La vidéo de l'arrestation le 25 mars de Rumeysa Ozturk, une doctorante de l'université Tufts dans le Massachusetts, par des agents en civil des services de l'immigration (ICE), visages masqués et pour certains capuche sur la tête, en vue de son expulsion, avait suscité l'indignation.

Un juge fédéral de l'Etat voisin du Vermont, dans le nord-est des Etats-Unis, a ordonné vendredi "au gouvernement de la relâcher immédiatement".

Le seul motif invoqué par l'administration Trump pour justifier l'expulsion de Rumeysa Ozturk est un article qu'elle avait cosigné en mars 2024 dans son journal universitaire, le Tufts Daily, critiquant la façon dont son établissement gérait le mouvement de protestation contre la guerre menée par Israël dans la bande de Gaza.

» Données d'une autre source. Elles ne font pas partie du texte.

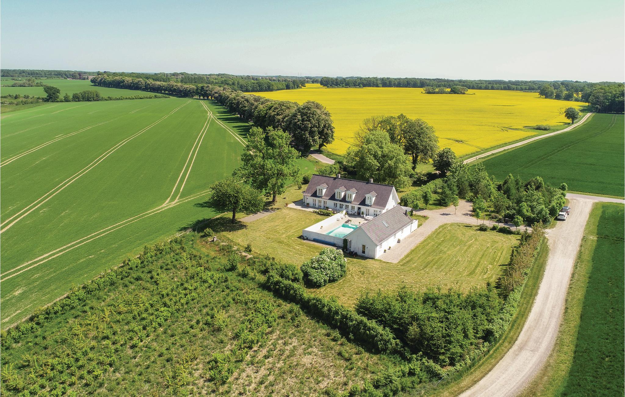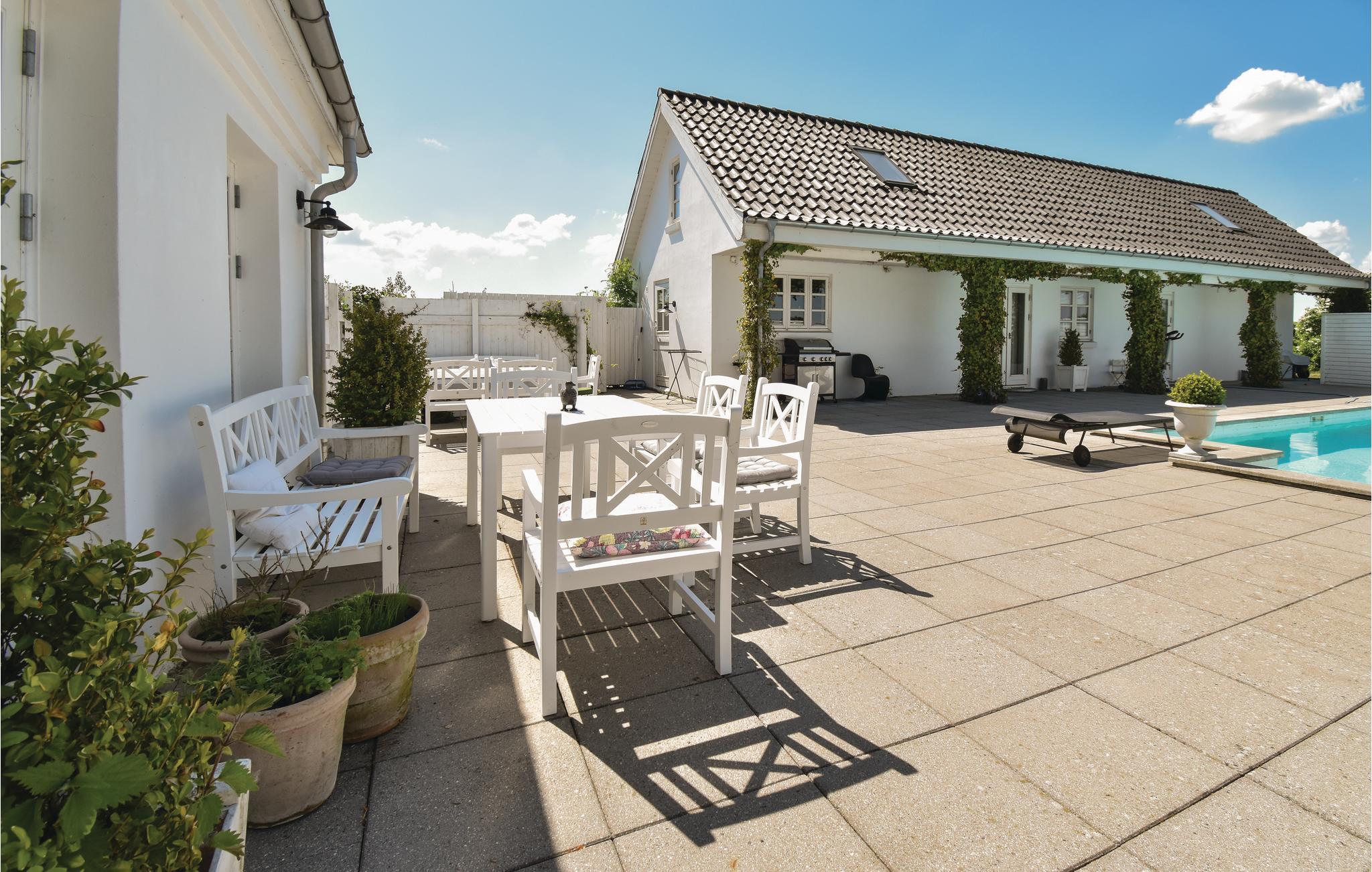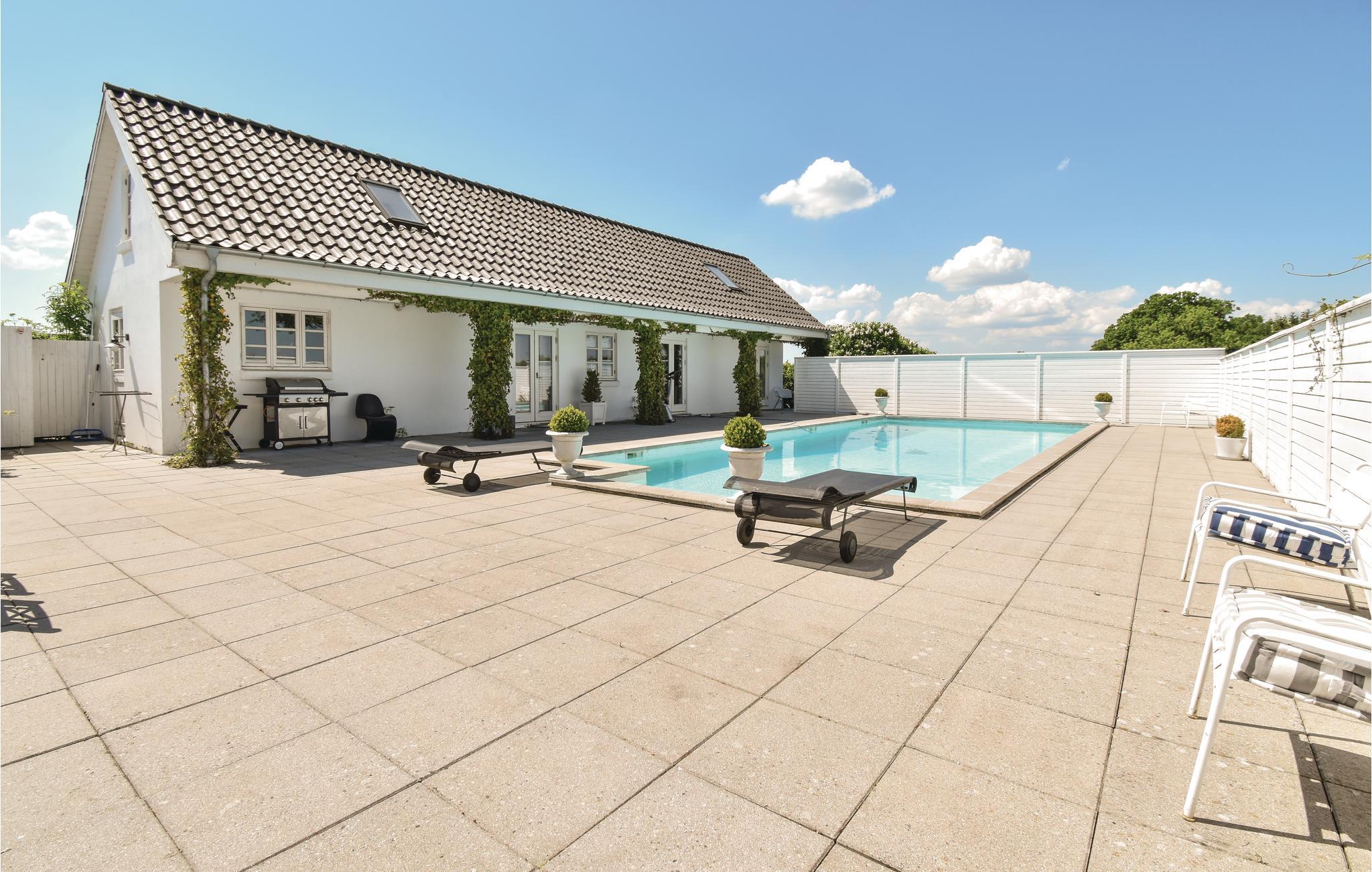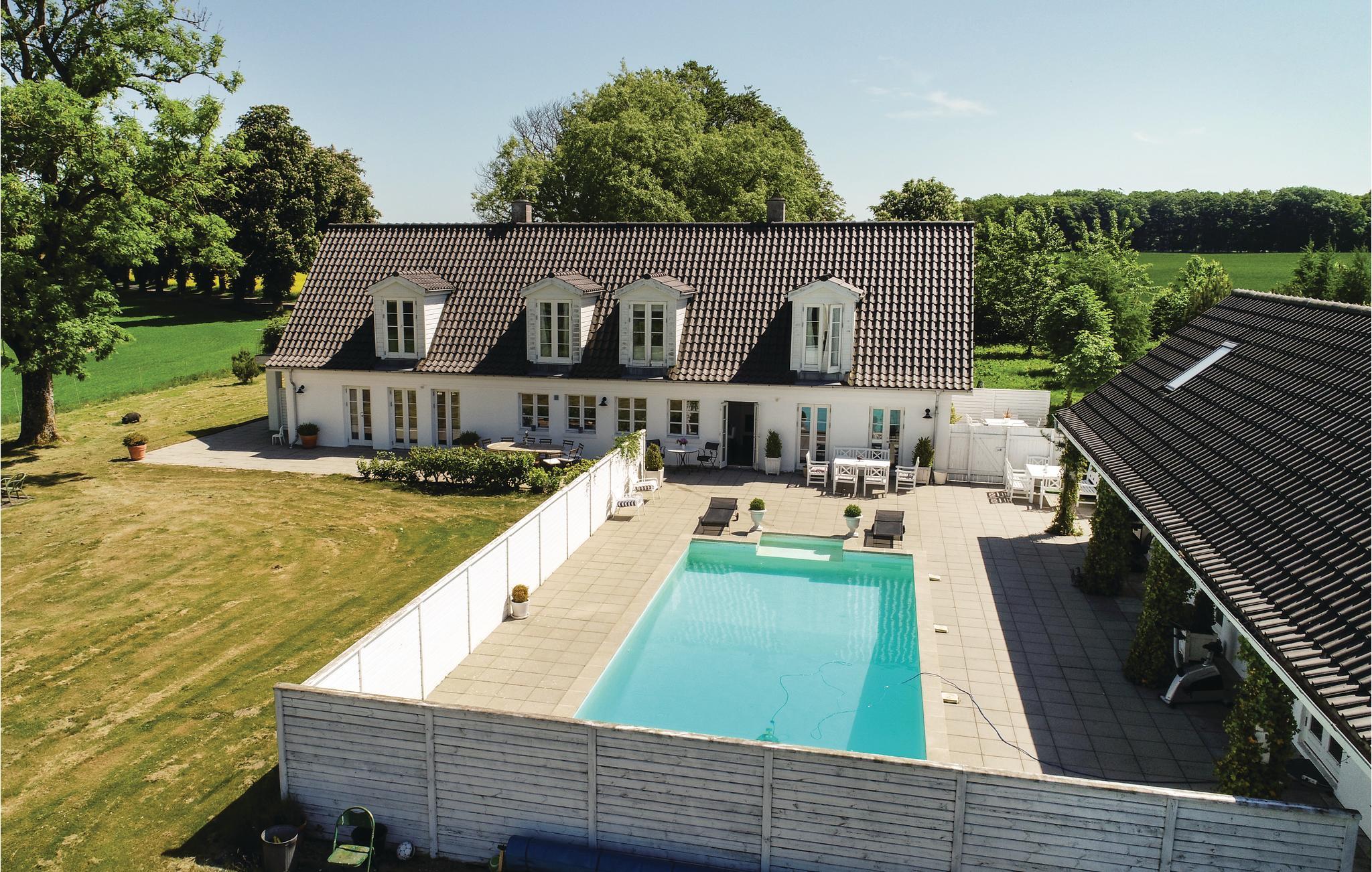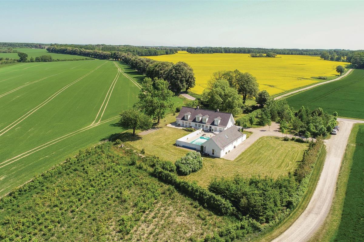Ontdek dit luxe vakantiehuis met zwembad, ruime slaapkamers en prachtige natuuruitzichten in Ørbæk, Denemarken.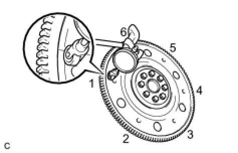 (b) Set up a dial indicator and measure the run out of the 6 portions around the torque converter assembly fitting surfaces.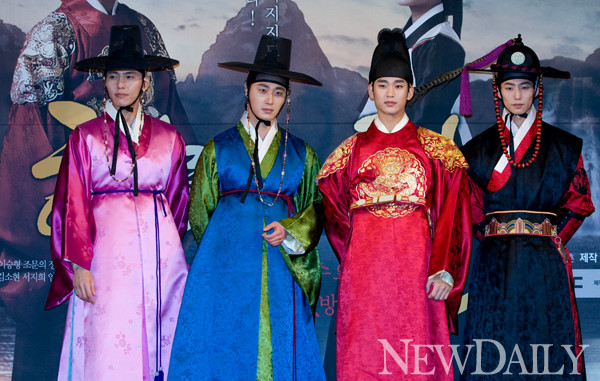 2일 오후 2시 서울 영등포구에 위치한 63빌딩 주니퍼홀에서 MBC 수목미니시리즈 ‘해를 품은 달’의 제작 발표회가 열린 가운데 배우 송재희, 정일우, 김수현, 송재림이 포토세션을 갖고 있다.

L'exécutif a eu depuis largement l'occasion de présenter d'autres éléments à charge, mais ne l'a pas fait, a rappelé le juge William Sessions au terme d'une audience à laquelle elle a participé en visioconférence d'un centre de détention géré par ICE en Louisiane (sud) où elle est incarcérée depuis plus de six semaines.

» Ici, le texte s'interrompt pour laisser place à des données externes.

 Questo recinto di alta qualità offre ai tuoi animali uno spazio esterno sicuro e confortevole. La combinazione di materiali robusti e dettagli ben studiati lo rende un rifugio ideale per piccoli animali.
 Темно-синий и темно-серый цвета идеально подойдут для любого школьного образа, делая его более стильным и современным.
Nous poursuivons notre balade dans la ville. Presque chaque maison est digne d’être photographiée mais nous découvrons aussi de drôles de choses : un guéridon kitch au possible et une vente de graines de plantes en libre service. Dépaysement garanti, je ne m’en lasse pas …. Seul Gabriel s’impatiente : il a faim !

"Dans le même temps, la prolongation de sa détention censure la liberté d'expression de millions de personnes qui ne sont pas citoyens de ce pays. N'importe laquelle d'entre elles peut maintenant hésiter à exercer sa liberté d'expression garantie par le Premier amendement (de la Constitution, NDLR) de crainte d'être embarquée vers un centre de détention loin de chez elle", a souligné le magistrat.

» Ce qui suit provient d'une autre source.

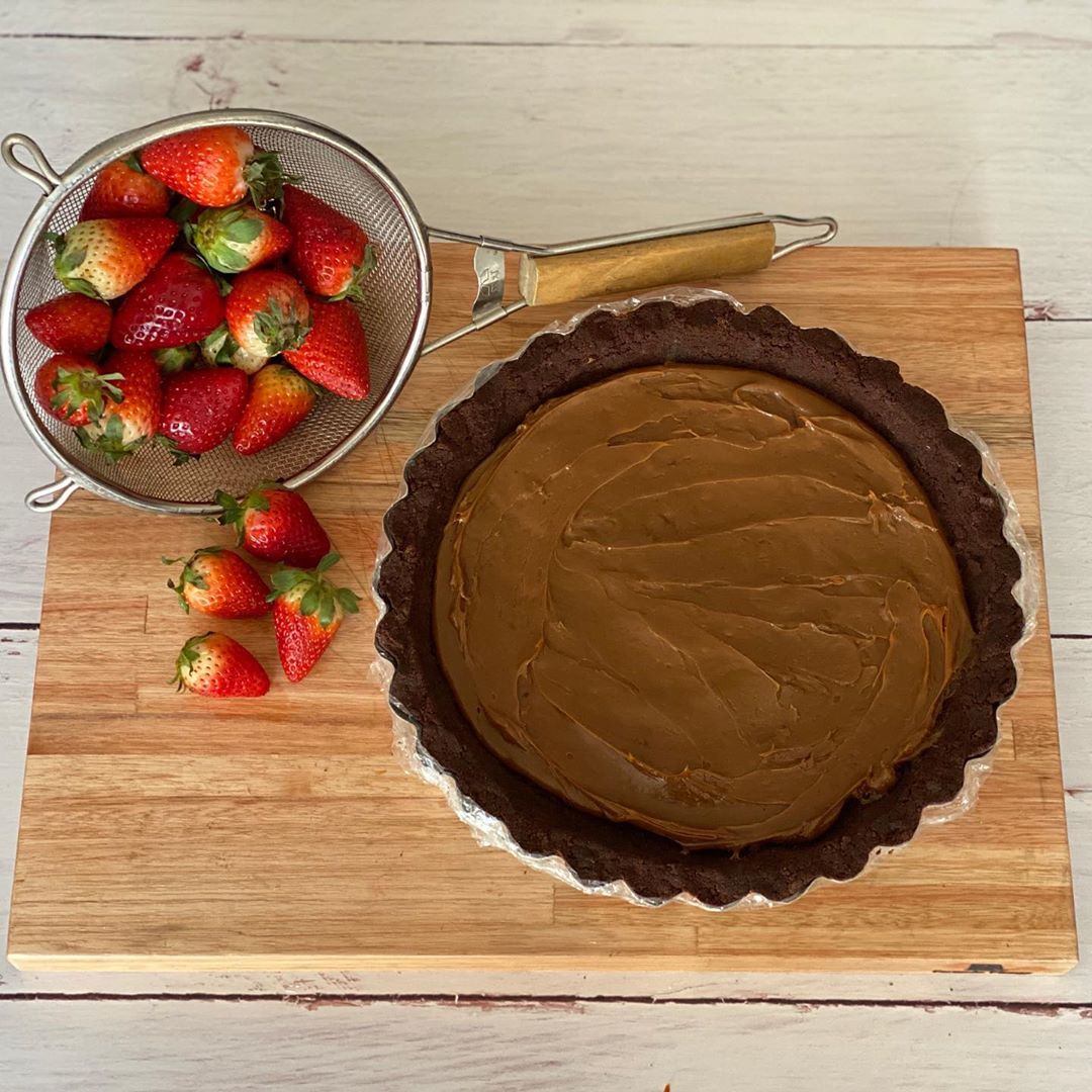 Llevar a la heladera o al freezer y dejar enfriar bien. En la base de la tarta colocar una capa de dulce de leche.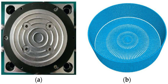 In undrained simple shear tests, specimens were sheared by horizontally moving the bottom plate while the top plate was fixed in all directions. In the DEM model, samples were sheared in the same fashion. In the experiment, in order to increase the friction between the bottom plate and particles, several circular ridges were used on the contact surfaces, as shown in Figure 4a. In order to model the ridges and large friction, this study used a clump plate, as shown in Figure 4b.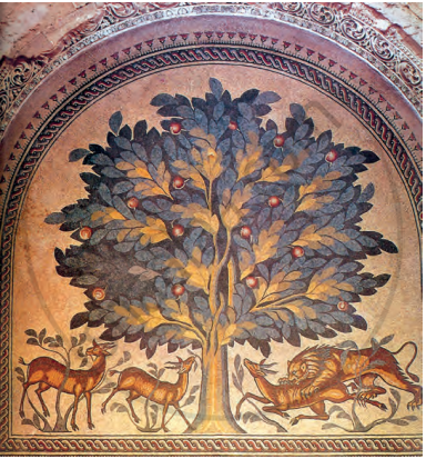 इस फर्श को चित्रों, प्रतिमाओं एवं पच्चीकारी की सुंदर कला से सुसज्जित किया गया था। इनका निर्माण नि:संदेह रोमन व ससानी वास्तुशिल्प के प्रभावस्वरूप हुआ था।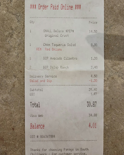 Read moreI've been going to this one for a while and once and a while there's been a mistake, fine. But the last few times, I don't know if there's a different recipe or what, the new York deli is coming more like a poor pepperoni pizza, missing many vital toppings. After literally years of loving panago, in Surrey and White Rock and a short time in Chilliwack, I'll be heading to a different pizza store from now on. Panago charges the most for pizza, it better be coming as advertised instead of the disappointment you get when home and open the box. ...

- Procédure d'expulsion en cours -

Le juge Sessions a refusé d'assortir cette libération des restrictions de mouvement suggérées par le gouvernement. Rumeysa Ozturk est "libre de retourner chez elle au Massachusetts" et dans le Vermont et de se déplacer au-delà de ces deux Etats, a-t-il précisé.

Il a néanmoins exigé que cette libération soit supervisée régulièrement par un centre municipal de réinsertion des détenus dans le Vermont qui lui en rendra compte.

Le magistrat a également proposé que les deux parties conviennent de "conditions légères" à sa liberté d'aller et venir puisqu'elle reste sous le coup d'une procédure d'expulsion.

Le ministre turc de la Justice, Yilmaz Tunç, a salué cette libération comme un "développement positif qui apaise notre conscience", dans une déclaration sur X, estimant "inacceptable qu'un individu soit poursuivi en raison de sa foi et de son soutien à la Palestine".

Un conseiller de la Maison Blanche, Stephen Miller, a en revanche dénoncé une fois de plus "un coup d'Etat judiciaire", assurant que la révocation d'un visa relevait des prérogatives exclusives du pouvoir exécutif.

"Passer plus de six semaines en détention pour avoir écrit une tribune est un cauchemar constitutionnel. Sa libération est une victoire pour quiconque défend la justice, la liberté d'expression et les droits humains fondamentaux", a réagi dans un communique Monica Allard, une avocate de l'influente organisation de défense des droits civiques ACLU.

Dans une affaire similaire, un autre juge fédéral du Vermont avait ordonné le 30 avril la libération d'un étudiant palestinien impliqué dans le mouvement à l'université Columbia contre la guerre à Gaza et arrêté en pleine démarche de naturalisation deux semaines auparavant.

Mohsen Mahdawi est le cofondateur d'un groupe d'étudiants palestiniens à l'université new-yorkaise Columbia, avec Mahmoud Khalil, figure de la mobilisation estudiantine propalestinienne aux Etats-Unis, que l'administration de Donald Trump tente d'expulser depuis son arrestation le 8 mars.

Le président républicain a lancé une offensive contre les grandes universités américaines, les accusant de laisser prospérer sur leurs campus des mouvements de soutien aux Palestiniens face à l'offensive israélienne dans la bande de Gaza, qu'il assimile à des manifestations d'antisémitisme.